Data section —
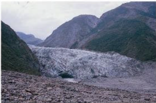
照片4. 1999年的福克斯冰河
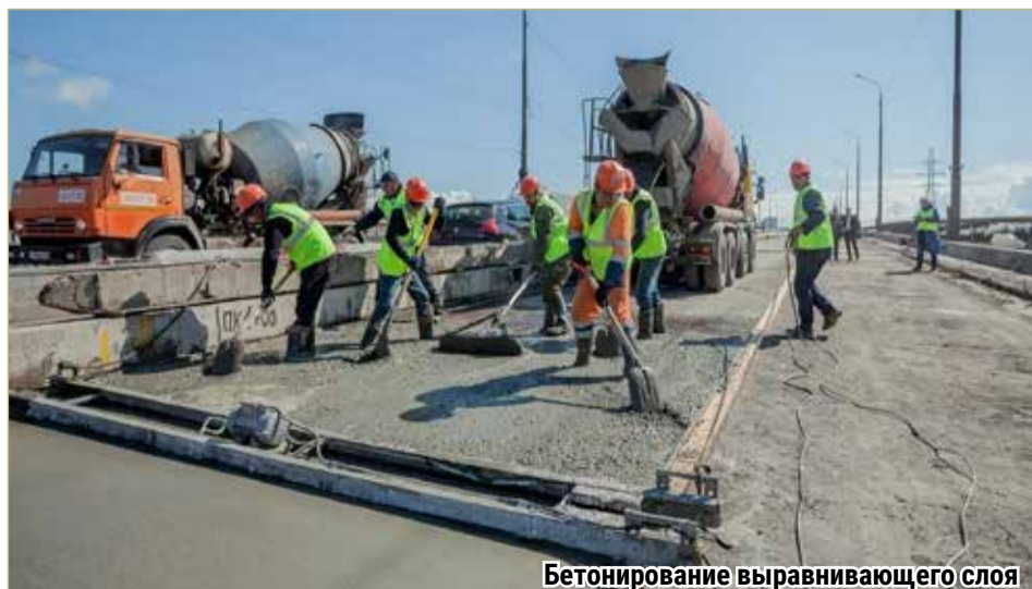
Бетонирование выравнивающего слоя
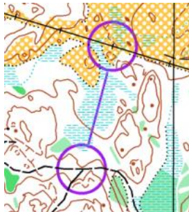
Kartläsning (K8): Lätt grovorientering mot säker uppfångare
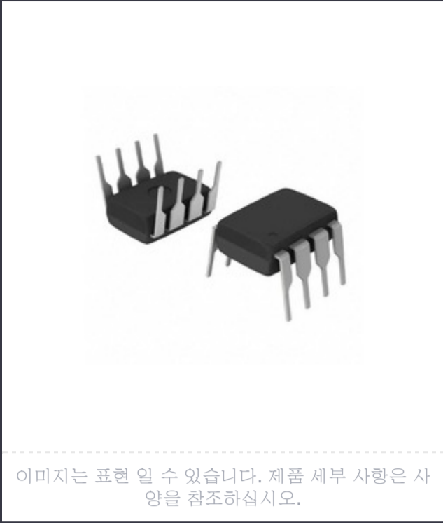
이미지는 표현 일 수 있습니다. 제품 세부 사항은 사양을 참조하십시오.
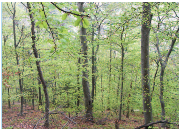
«Réveil dans les sous-bois»
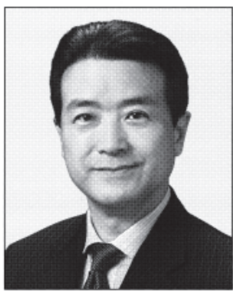
代表 江田 憲司
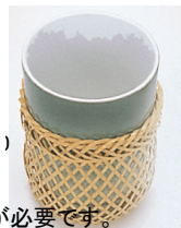
36-235 青竹つくばい φ12.5x6x12cm
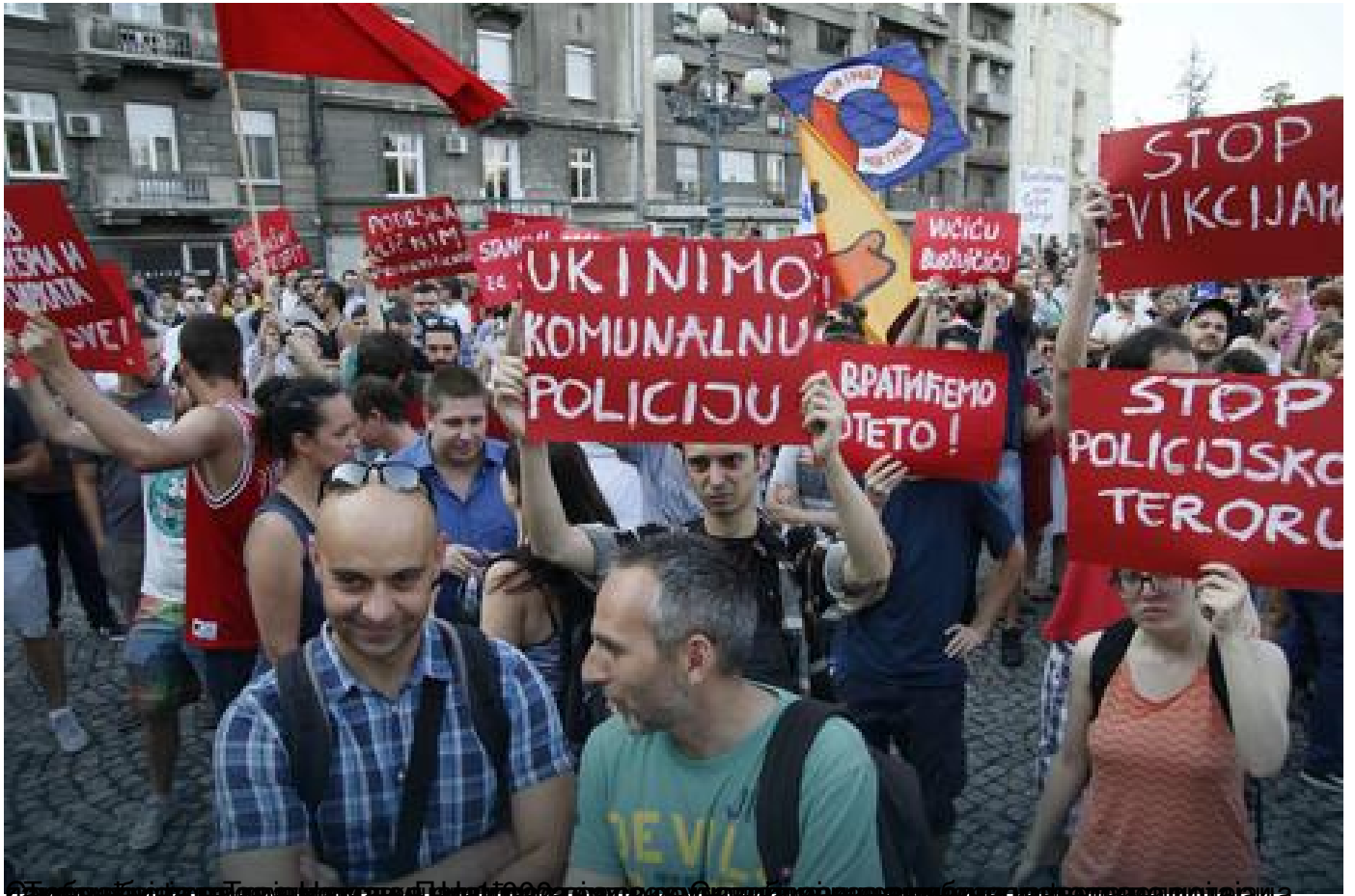
Београд, 13. јула 2016. Десетак хиљада грађана по пети пут у протестној шетњи због рушења објеката у Савамали
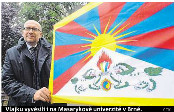
Vlajku vyvěsili i na Masarykově univerzitě v Brně.
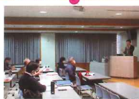
専門的な知識の習得
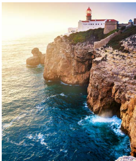
Leuchtturm am Cabo de São Vicente an der Algarve

Portimão ist ein beschauliches Städtchen an der Algarveküste mit herrlichen Stränden. In der Nähe befindet sich das 62 m hohe Cabo de São Vicente, die Südwestspitze Europas. Hier steht der lichtstärkste Leuchtturm des Kontinents
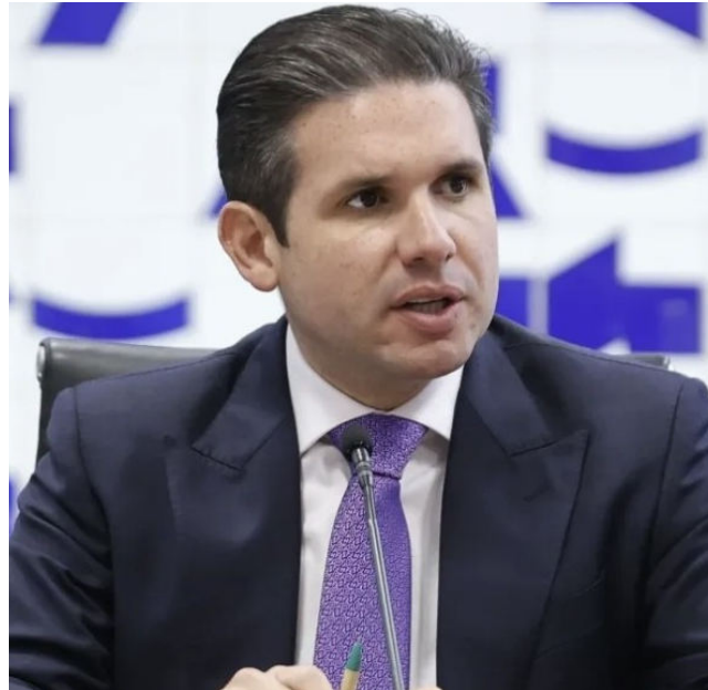
PRESIDENTE DA CÂMARA busca consenso no combate à criminalidade

Neste final de semana, o relator se debruçou sobre o texto e deve apresentá-lo a líderes partidários hoje. Ainda assim, siglas de direita devem apresentar destaques.
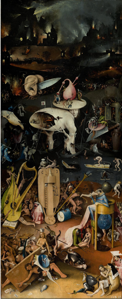
Triptyque Le Jardin des délices volet de droite : L'Enfer

Bosch lui-même suggère une dimension sonore par les nombreuses représentations d'instruments, de chanteurs et même d'organes auditifs, en particulier sur le volet de... l'enfer !
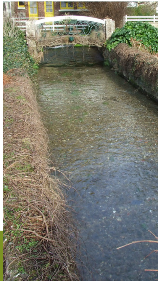
La Veules — le plus petit fleuve de France

Fermé du 10 novembre au 6 avril. Terrain de 3,5 ha. 152 emplacements. Emplacement + camping-car + 2 personnes + branchement à partir de 16 €. Animaux acceptés (1,50 et 2 €). Wifi payant. Petit épicerie. Piscine chauffée couverte. 300m de la mer et proximité centre village.
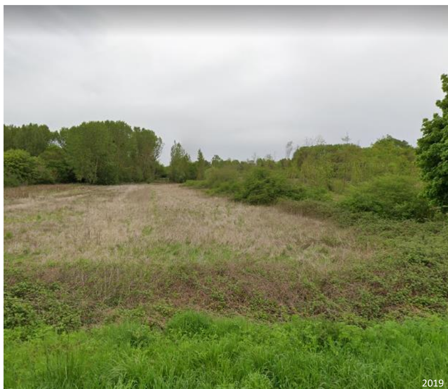
Figure 3 : Point de vue n° 1
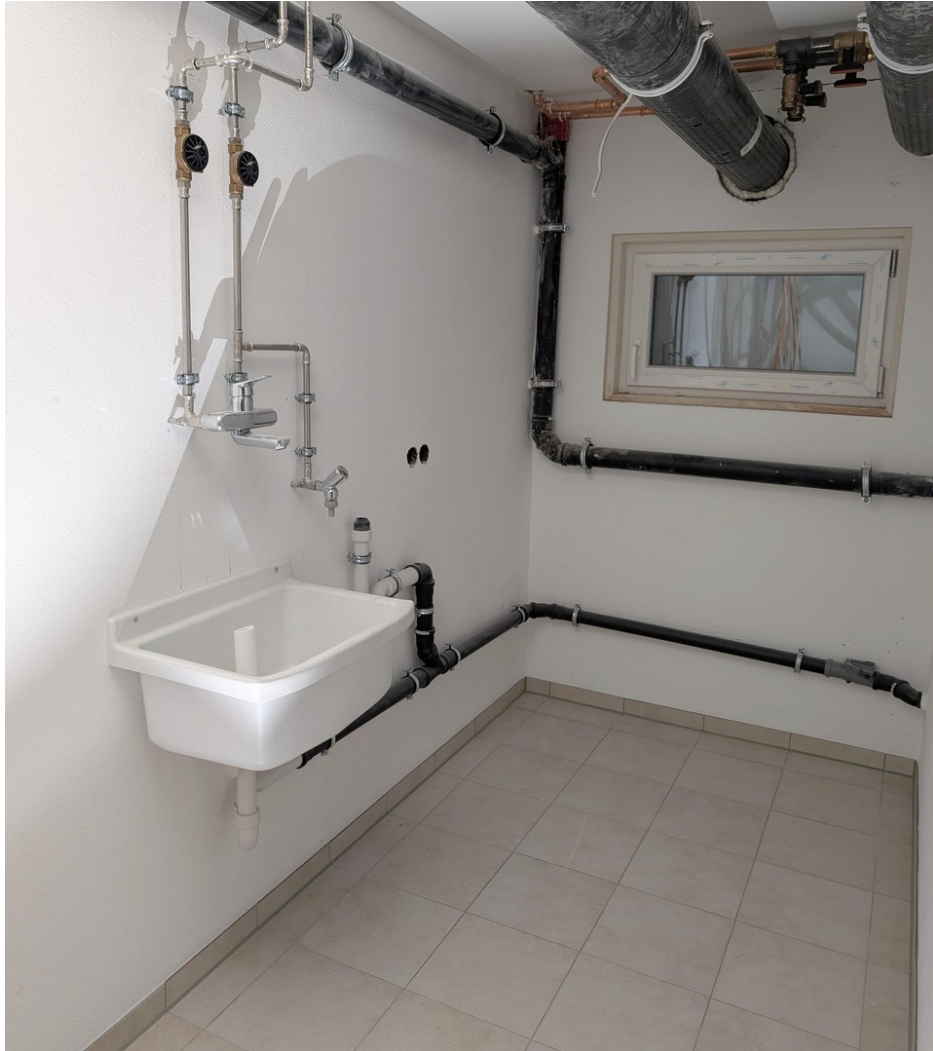
Ausgussbecken - Waschraum
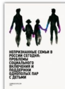
[2014] Непризнанные семьи в России сегодня

Exercise goal — Say how many lines in the listing above include the word "Vicente". Nothing but the number is needed.

Written answer — 2